Ordered that the order is reversed, on the law, with costs, the jury verdict is reinstated, and the matter is remitted to the Supreme Court, Nassau County, for entry of an appropriate judgment in favor of the defendant.
On May 3, 1986, the plaintiff, while a pedestrian in the roadway of Bayville Avenue, was struck by a vehicle driven by the defendant. According to the police accident report, the defendant driver had a passenger in her car at the time of the accident. Yet, in response to the plaintiff's discovery requests, the defendant's counsel indicated that there were no witnesses. At the liability portion of the bifurcated trial, neither party produced the passenger as a witness.
The plaintiff first requested a missing witness charge at the conclusion of all of the testimony. The trial court indicated that, since both parties had an equal opportunity to produce the passenger as a witness, the court would make no comment with respect to her nonappearance. The plaintiffs counsel reiterated his request for a missing witness charge following the court's instructions to the jury.

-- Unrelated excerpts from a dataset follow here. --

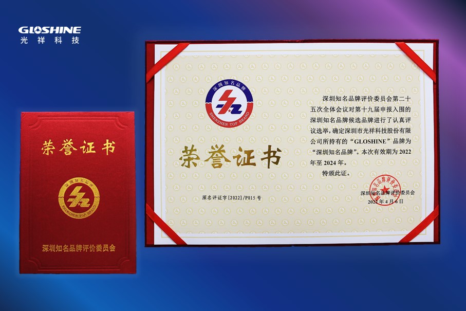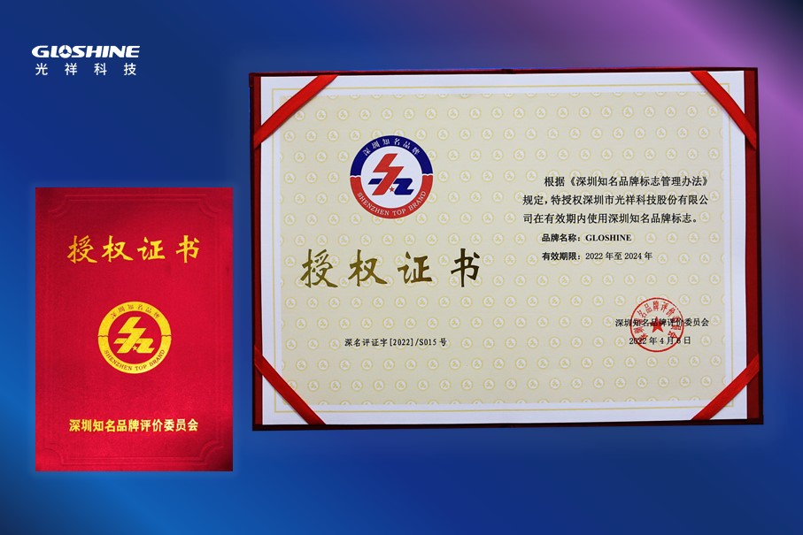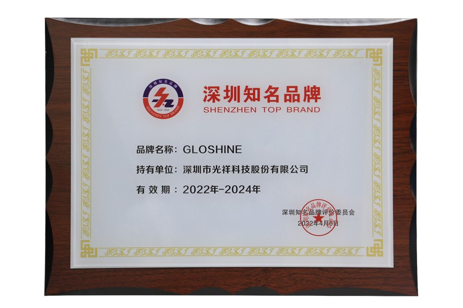 2022年8月24日,在由深圳知名品牌評(píng)價(jià)委員會(huì)主辦的“深圳工業(yè)總會(huì)成立二十周年成果發(fā)布會(huì)”上,深圳市光祥科技股份有限公司GLOSHINE被授予 “深圳知名品牌”榮譽(yù)稱號(hào),成為我市893個(gè)“深圳知名品牌”之一,僅占全市企業(yè)總數(shù)的萬(wàn)分之四。
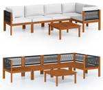 Das Gartensofa besticht durch seine aufwendig gearbeiteten Rückenlehnen aus geflochtenem Seil und verleiht jedem Außenbereich eine elegante Note. Das Gartenset besteht aus massivem Akazienholz, einem tropischen Hartholz, das wetterbeständig und äußerst langlebig ist. Dank der Ölbehandlung erhält das Gartenmöbel-Set eine warme Farbe und ist leicht zu reinigen und zu pflegen. Im Lieferumfang sind außerdem dick gepolsterte Sitz- und Rückenkissen für ultimativen Lounge-Komfort enthalten.
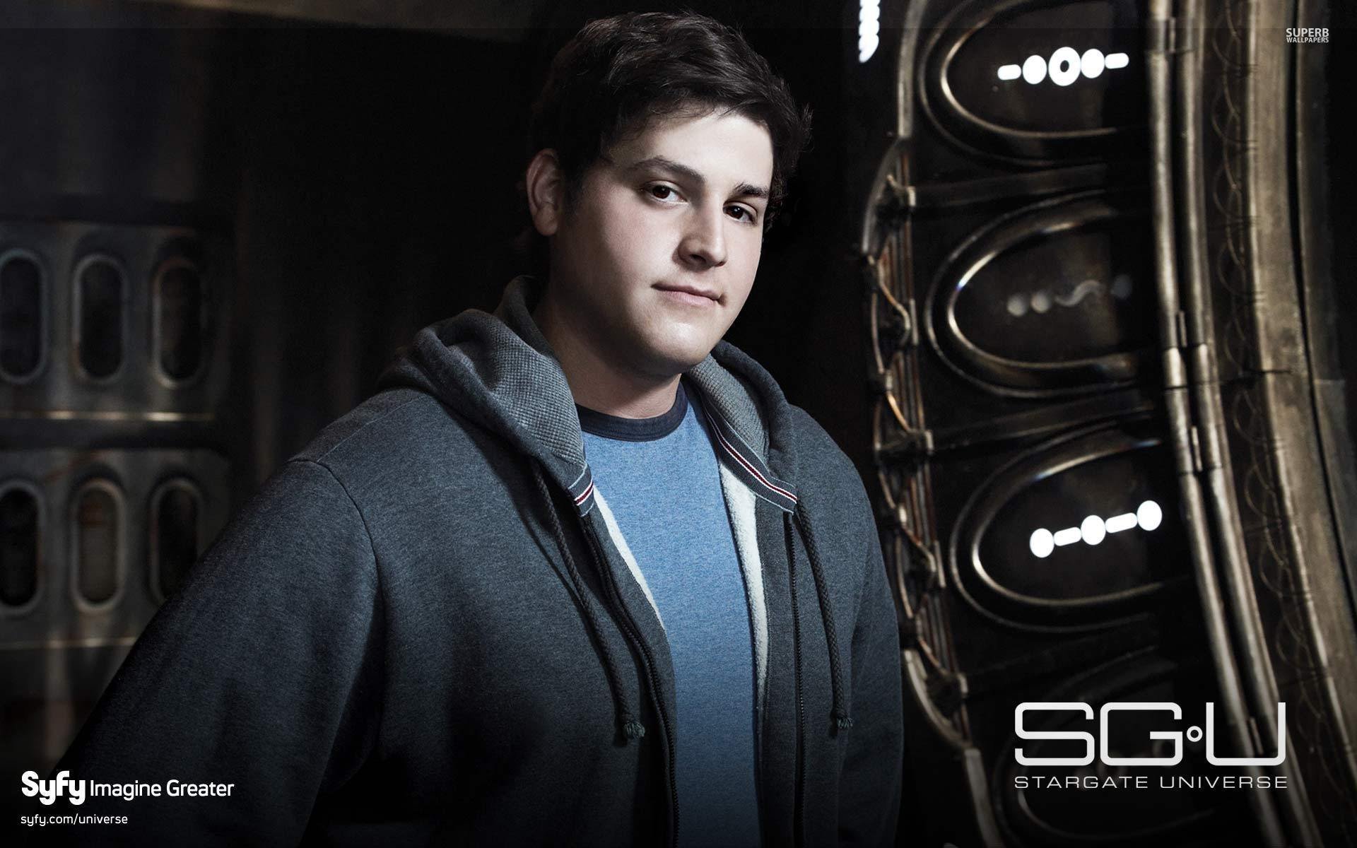 Description: A man standing in front of a wall with a clock on it's face and a name tag on it.
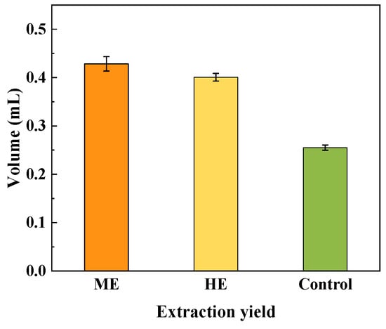 Influence of different extraction methods on volumes of leaf powders. ME, leaf samples after microwave extraction; HE, leaf samples after heating extraction; Control, leaf samples without extraction.
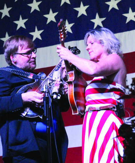 Bluegrass singer and musician Rhonda Vincent and a band member perform during the 23rd annual Nothin’ Fancy Bluegrass Festival at Glen Maury Park last Thursday. She was one of the many bluegrass stars on stage last week during the festival, which drew its largest crowd ever. For more photos from the event, see page B3. (Ronnie Coffey photo)
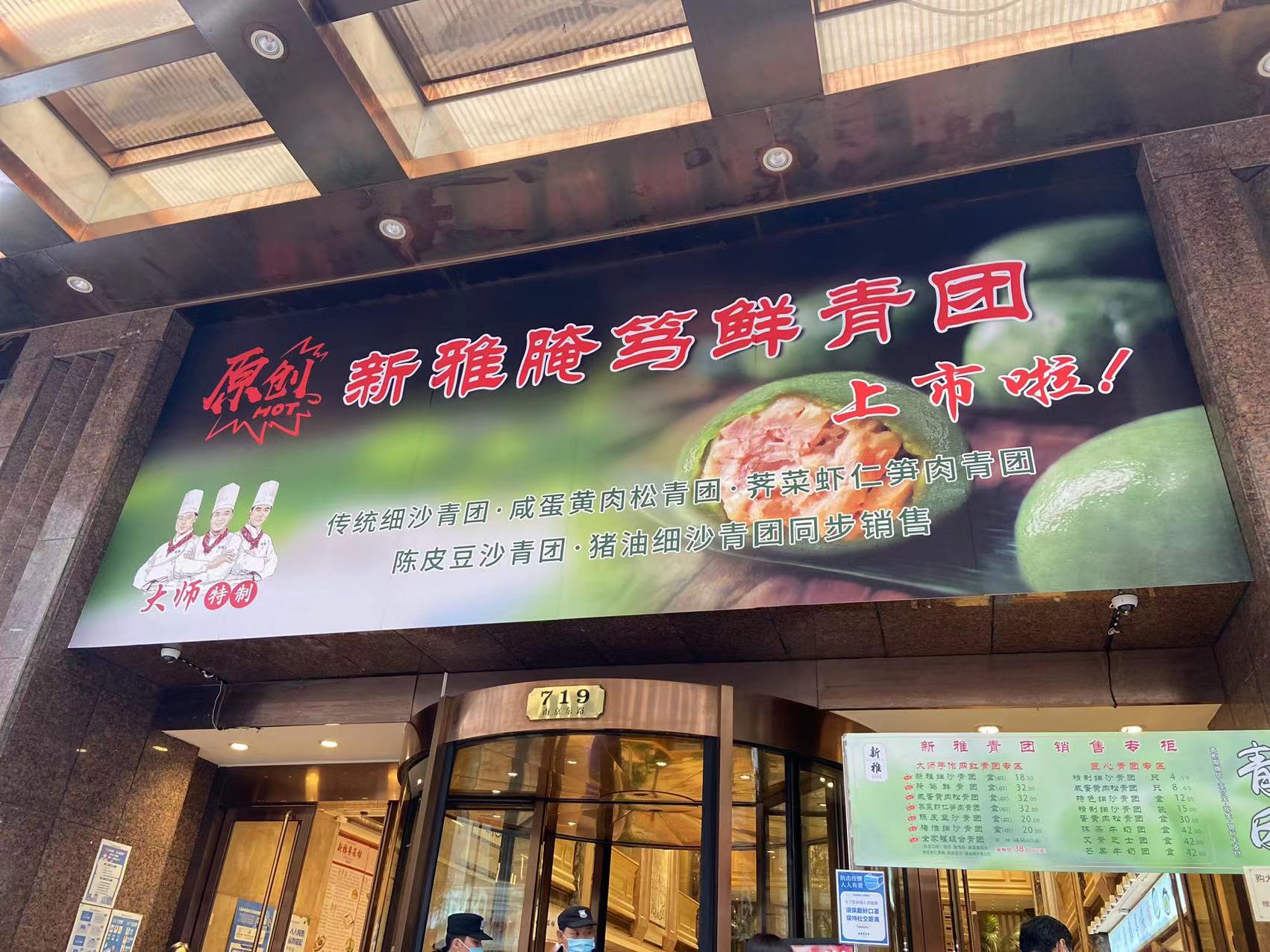 笔者在店门前发现,除了几人询问新品,多数食客则更偏睐细沙口味。新雅相关负责人说:“今年新推出的两款青团,进入市场后接受度和受欢迎度都比较高,但从销量看,还是老款的豆沙、腌笃鲜、咸蛋黄肉松卖得最好。”目前,南京路上新雅门店,平均每天销售青团30000只。

After the court refused to give the missing witness charge, the jury found that the defendant was negligent but that her negligence was not the proximate cause of the accident. The court then set aside the verdict as inconsistent and against the weight of the evidence, concluding that it had erred in denying the plaintiffs request for a missing witness charge.
The record is devoid of any evidence that the uncalled witness had such a relationship with the defendant as to make it natural to expect the defendant to have called that witness to testify in her behalf. The sole evidence of the witness's relationship to the defendant is the unrebutted statement by the defense counsel that the witness was merely a co-employee of the defendant. Absent evidence of friendship or loyalty between the defendant and the passenger sufficient to sustain the threshold burden of showing that the uncalled witness was under the defendant's control, the court was correct when it denied the missing witness charge (see, Crosby v Stone, 137 AD2d 785, 787; Div-Com, Inc. v F.J. Zeronda, Inc., 136 AD2d 844).
We note, furthermore, that the request for the missing witness charge was untimely. Although the plaintiff was aware before trial, both of the existence of the uncalled witness and the defendant's intent not to have the witness testify, the request for the missing witness charge was not made until the conclusion of the testimony. Under the circumstances, the missing witness charge was properly denied (see, People v Timoney, 141 AD2d 876).
Nor does the record support a determination that the jury verdict was not based on a fair interpretation of the evidence (see, Cohen v Hallmark Cards, 45 NY2d 493, 499; Nicastro v Park, 113 AD2d 129, 134). Accordingly, the verdict must be reinstated. Kunzeman, J. P., Kooper, Harwood and O'Brien, JJ., concur.